Records for this exercise below:

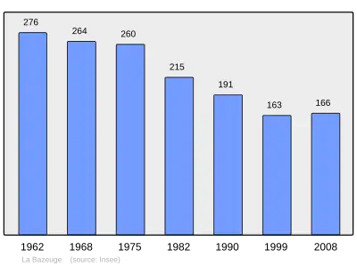 Według danych na rok 1990 gminę zamieszkiwało 191 osób, a gęstość zaludnienia wynosiła 19 osób/km² (wśród 747 gmin Limousin La Bazeuge plasuje się na 440. miejscu pod względem liczby ludności, natomiast pod względem powierzchni na miejscu 556.).
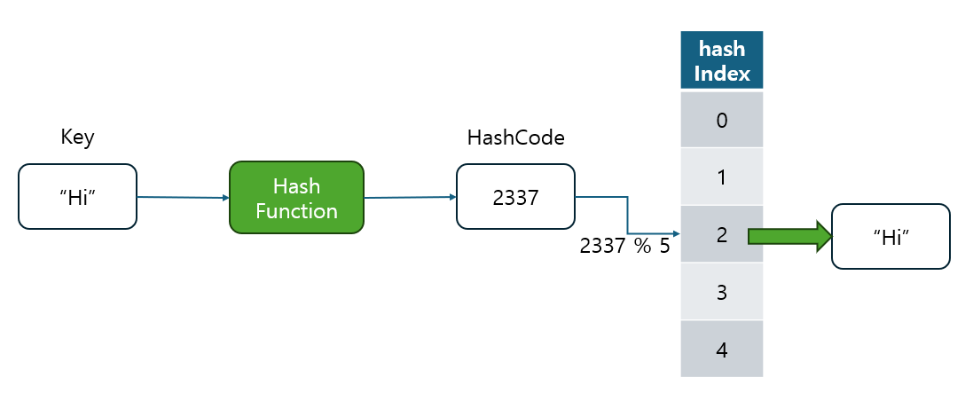 이렇게 계산 된 해시 코드는 일반적으로 테이블(혹은 배열)의 크기를 기준으로 나머지 연산을 통해 테이블 내의 특정 인덱스에 매핑됩니다.
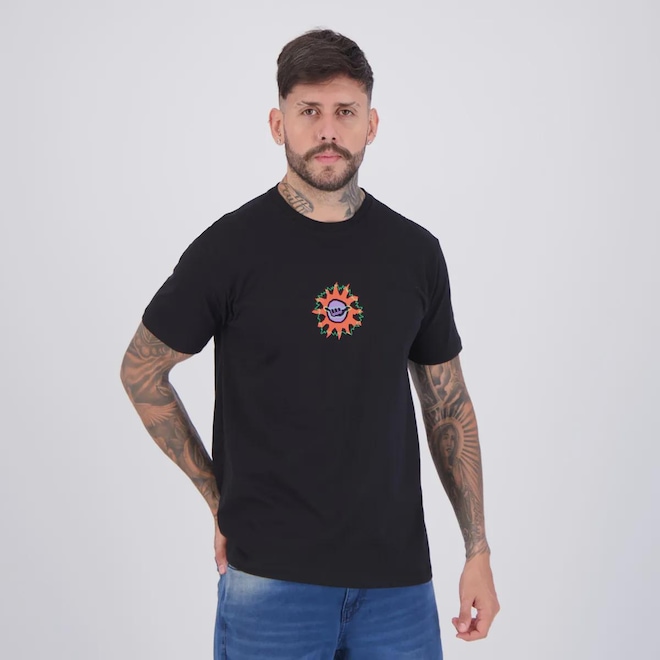 Composição: 100% Algodão Cor predominante: Preta Indicado para: Casual Gênero: Masculino Origem: Nacional Logo: Estampada Manga: Curta Gola: Careca Dimensões aproximadas (A x L): P: 70 x 52 cm M: 72 x 54 cm G: 74 x 56 cm GG: 76 x 58 cm
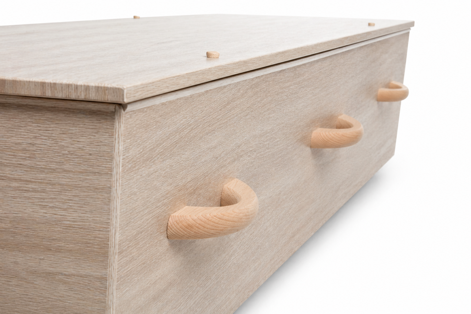 De kist heeft acht handgrepen in de kistkleur en bamboe sluitpennen passend bij de uitstraling van de kist.
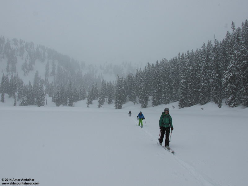 Saturday, March 29: Lichtenberg Mountain from the north via Smith Brook Rd, drizzle below 3700 ft, snowing above that. It was decent heavy powder up high above 4700 ft Licthenwasser Lake, but very unstable, with most slopes over 30° readily wet-sluffing the entire recent snowfall of 8-12", even north aspects. Pretty much as expected given the amount of fresh and recent avy debris visible from the highway in every single steep chute in the vicinity. Luckily, Stevens Pass had gotten the short end of the stick during this storm cycle (after doing far better than most other areas during the past 2 months), with its less-than 1 ft being among the least snowfall of any comparable mountain-crest location from southwestern BC to California (versus 3-5 ft of new snow at the most favored locations). So the sluffs were not deep and dangerous, only thought-provoking, and easily managed by cautious ski cutting and careful route selection. Somewhat scary for my 3 partners, but much less so for me.

End of Records for this exercise.

Exercise goal:
Take the line that holds "Composição: 100% Algodão" as the start and the last line of the data as the end. Copy only those lines exactly, both ends included, except the pictures.

Answer to the problem:
 Composição: 100% Algodão Cor predominante: Preta Indicado para: Casual Gênero: Masculino Origem: Nacional Logo: Estampada Manga: Curta Gola: Careca Dimensões aproximadas (A x L): P: 70 x 52 cm M: 72 x 54 cm G: 74 x 56 cm GG: 76 x 58 cm
 De kist heeft acht handgrepen in de kistkleur en bamboe sluitpennen passend bij de uitstraling van de kist.
 Saturday, March 29: Lichtenberg Mountain from the north via Smith Brook Rd, drizzle below 3700 ft, snowing above that. It was decent heavy powder up high above 4700 ft Licthenwasser Lake, but very unstable, with most slopes over 30° readily wet-sluffing the entire recent snowfall of 8-12", even north aspects. Pretty much as expected given the amount of fresh and recent avy debris visible from the highway in every single steep chute in the vicinity. Luckily, Stevens Pass had gotten the short end of the stick during this storm cycle (after doing far better than most other areas during the past 2 months), with its less-than 1 ft being among the least snowfall of any comparable mountain-crest location from southwestern BC to California (versus 3-5 ft of new snow at the most favored locations). So the sluffs were not deep and dangerous, only thought-provoking, and easily managed by cautious ski cutting and careful route selection. Somewhat scary for my 3 partners, but much less so for me.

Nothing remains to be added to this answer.